In December 2023, Navalny reflected on American politics. To his friend – the Russian photographer Yevgeny Feldman, Alexei Navalny wrote that the campaign program of former US President Donald Trump looks “really scary”.

“Trump will become president if President Biden’s health deteriorates. Doesn’t that affect the Democrats,” wrote the oppositionist. He ended with: “Please name a current politician you admire.”

Three days after sending this letter, the Russian opposition figure disappears.

During a frantic 20-day manhunt, Navalny’s exiled allies say they sent more than 600 requests to prisons and other government agencies.

“I’m your Santa Claus”

On December 25, Navalny’s spokeswoman reported that he was found in a remote an arctic prison known as the “Polar Wolf”.

“I am your new Santa Claus,” Navalny wrote on social media the day after his lawyer visited him.

“I don’t say ‘Ho-ho-ho,’ but I say ‘Oh-oh-oh’ when I look out the window where it’s night, then evening, and then night again,” he adds.

It is becoming clear that the Kremlin intends to silence Navalny

Navalny commented in the publication that he reached the Arctic via a circuitous route through the Ural Mountains. There he ends up in his new prison, which is classified as a more severe “special regime” facility.

Even during this trip, Navalny read books. In the new prison library, he is forced to choose from the classics of Tolstoy, Dostoyevsky or Chekhov.

In the new prison, he lost his email service. It is becoming clear that the Kremlin intends to silence Navalny.

Navalny’s mother – Lyudmila Navalny flew to the Arctic after the announcement of his death. On Saturday, she received official notification that he had died at 2:17 p.m. the previous day.

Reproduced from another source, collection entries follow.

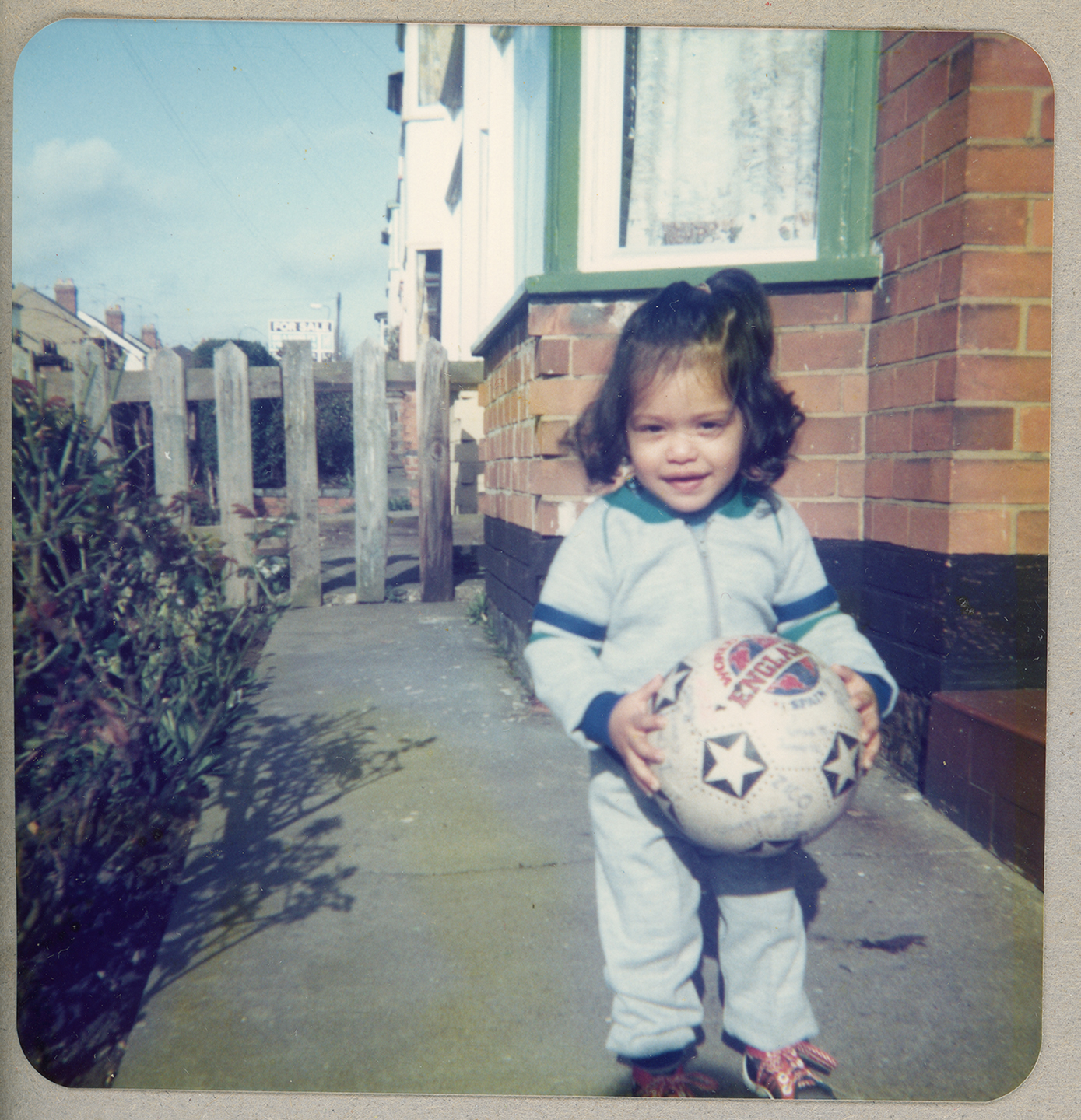 A young child stands with a ball in a front garden of a terrace in Derby.
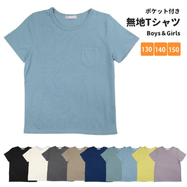 【メール便送料無料】ヘビーウェイトポケット付き半袖Tシャツ キッズ・ジュニア 130 140 150 20350 シンプル 無地 丸首 No.9831
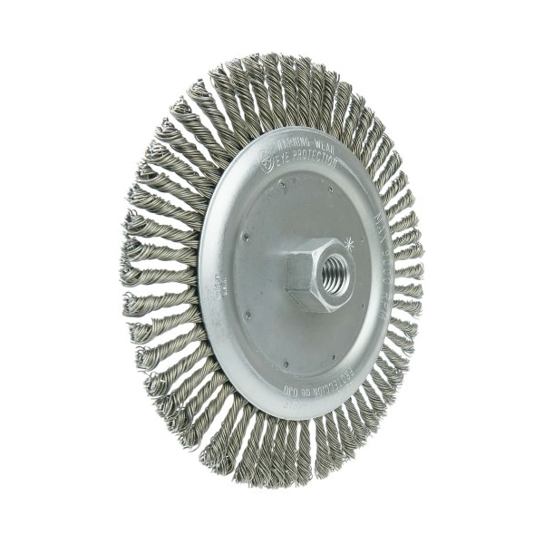 Wolverine 7" Stringer Bead Twist Knot Wire Wheel Brush is suitable for cleaning root and hot passes and reaching into corners. Engineered for cost effective use in less demanding applications. 5/8"11" nut for use on right angle grinders. Narrow face brushes are suitable for cleaning root and hot passes and reaching into corners. Engineered for cost-effective use in less demanding applications. . . .

Navalny’s friends and relatives are sure that his messages will live on even through his letters from prison, bTV reports.

In one of them, he commented that South Korea and Taiwan were able to make the transition from dictatorship to democracy – then maybe Russia could too. “Hope. I have no problem with that,” says Navalny.

“Keep writing! Ah,” the Kremlin critic also states.